Editing Matte Black and Orbis (At long last an Edit!!)
Here are the notes to Orbis:
ORBIS TV Pilot:
P1 - Great char description using clothes and having the age
P1 - Show me something that the intruder does IN SCENE (not just his name) that shows me he's different than the other people and an intruder.
P2 - Beware on the nose dialogue
P3 - if possible - be gentle with overusing ing / ly words
P3 - She has pretty epic karate skills - if this is the real world I need to get a sense of how its possible
P3 - don't use BEAT if you can - try to fill in with something that will ADD to the scene.
P4 - Beware the jokey tone in action - just decribe what happens in a way that the content is funny.
P3 - but why is she using blunderbuss pistols
P4 - a phone call isn't a strong end to a teaser - perhaps a reveal about the rock she just stole?
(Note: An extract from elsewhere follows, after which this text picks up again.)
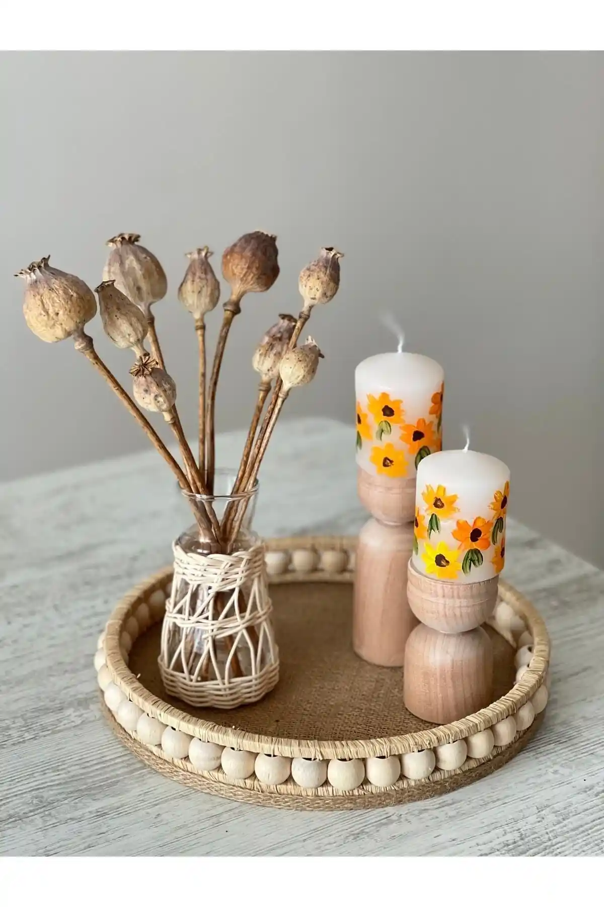 Doğal ahşap malzeme ve el yapımı işçiliğiyle öne çıkan bu bohem tarzı dekoratif tepsi, uzun ömürlü ve şık kullanım sağlar. Ev dekorasyonunuza otantik ve sıcak bir atmosfer katmak için ideal bir seçim.

We already have a feel for her modivations - the call feels too expository-- and getting paid isn't that cool
P5 - Wallah -- Voila - unless the scientist would pronounce it wrong
P5 - Walter is standing -- walter stands // AVOID IS and passive writing bits // is holding -- holds
P6 - dialogue sounds a little funky here - look at photo then this -- just: look at this.
P6 - I like the indy reference but feels a little on the nose
P6 - beware long lines - it could be you trying to sneak in too much exposition
P7 - You saw the photo right? The symbols in this sample are connected to the heiroglyphs in that tomb. Can you comprehend the profound impact this could have on science? History even! This is a once in a lifetime discovery! I...I'd be up for a Nobel prize! We need to tell people!
-- This is a world changing, no, shattering discovery.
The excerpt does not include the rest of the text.